Case Sensitive Programming Languages

Instructor: David Gloag

David has over 40 years of industry experience in software development and information technology and a bachelor of computer science

In this lesson, we'll take a look at programming languages, what they are, and what case sensitivity is. Then learn why case sensitive languages are important, and some examples of languages that are case sensitive.

Technology in Our World

We live in a technology-based society. As a result, it's difficult to imagine life without computers. They are in almost every device we use. Our cell phones have them, our televisions have them, and sometime in the near future, our refrigerators will have them with the Internet of Things (IoT) movement. They control the specifics of how the device performs and the features it provides. You won't be surprised to learn then that some means to control these computers are needed. There needs to be a way to give them instructions that determines how they will operate. One such means is using a programming language.

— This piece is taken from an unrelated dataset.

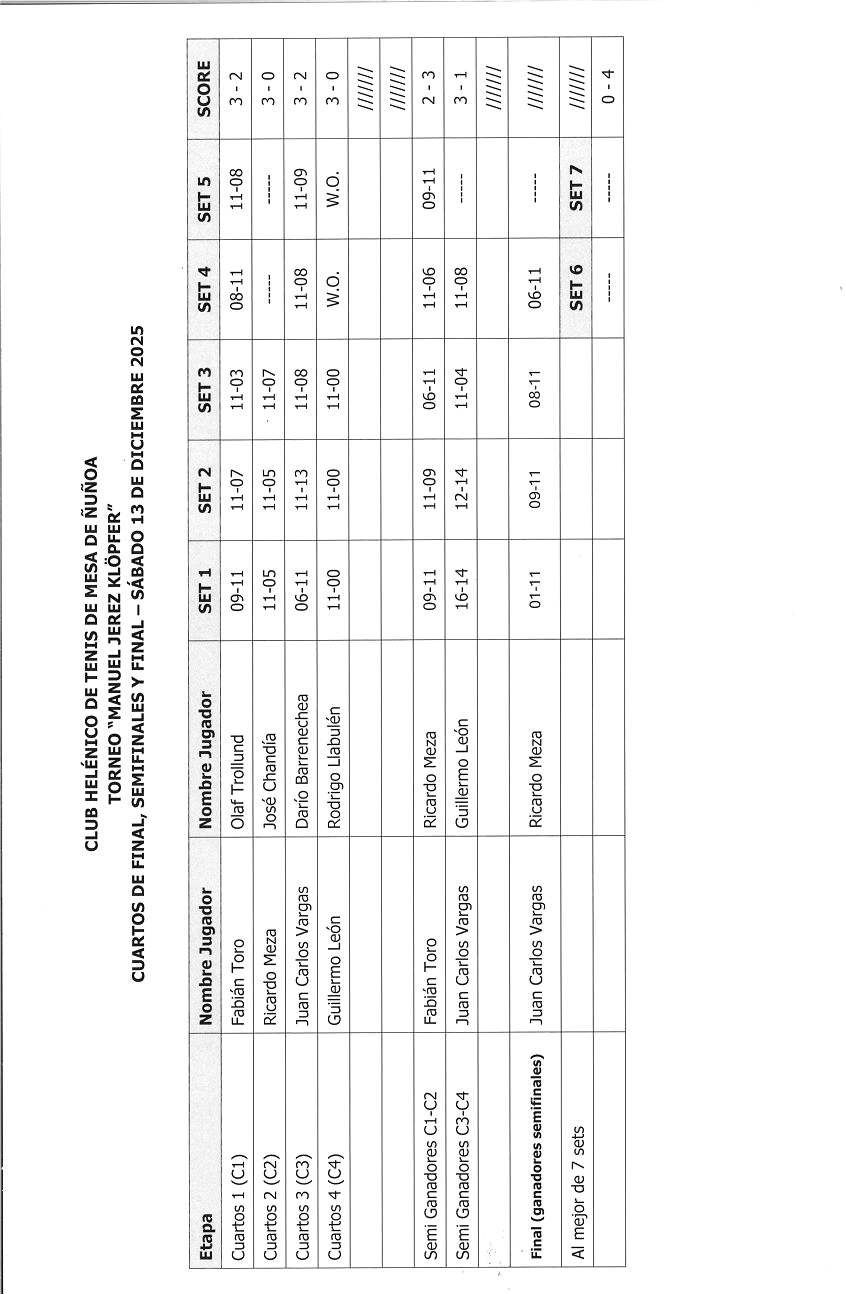 CUARTOS DE FINAL: SÁBADO 13 DE DICIEMBRE 2025 A LAS 16:15 HORAS EN AV. ELIECER PARADA 975 ÑUÑOA, (1) Fabián Toro VS. Olaf Trollund; (2) Ricardo Meza VS. José Chandía; (3) Juan Carlos Vargas VS. Darío Barrenechea y (4) Guillermo León VS. Héctor Llabulén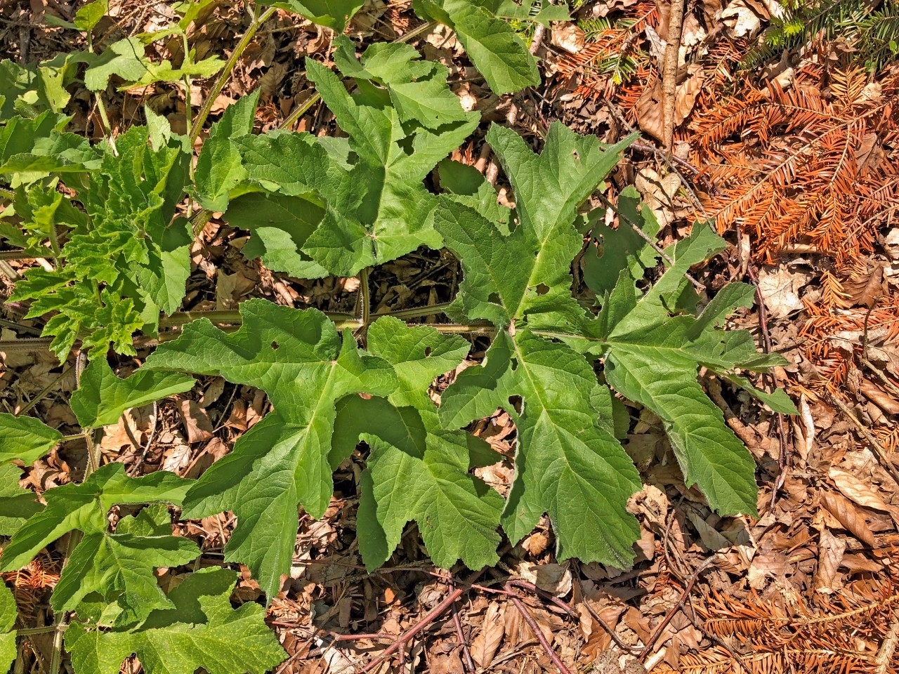 Die Blätter des Riesenbärenklaus können (inklusive Blattstiel) bis zu 3 m lang werden. Sie sind jeweils tief in 3–5 wenig tief fiederteilige Abschnitte geteilt. © Erwin Jörg

What is a Programming Language?

A programming language is a collection of commands, designed to be combined in a variety of ways, that control the operation of a computer. Think of them like any spoken language, for example, English. You have a series of symbols (words in a spoken language), that you combine to convey meaning to a computer. Like spoken languages, computer languages are meant to be easy to read and understand by those that use them. However, some knowledge of the programming language is required for this understanding. There are many different programming languages available, and they vary in purpose, makeup, and case sensitivity.

What is Case Sensitivity?

Case sensitivity is the phrase used to describe a programming languages ability to distinguish between upper and lower case versions of a letter in the language's character set. For example, the letter 'a' is considered different than the letter 'A'. In fact, internally, the computer sees an 'a' as 97, where as an 'A' is seen as 65. Note that this is according to the American Standard Code for Information Interchange (ASCII). There are other representations possible, like Extended Binary Coded Decimal Interchange Code (EBCDIC), but in each case the values for upper and lower case are different. This means that identifiers like 'access' are considered different than 'Access' in a language of this type.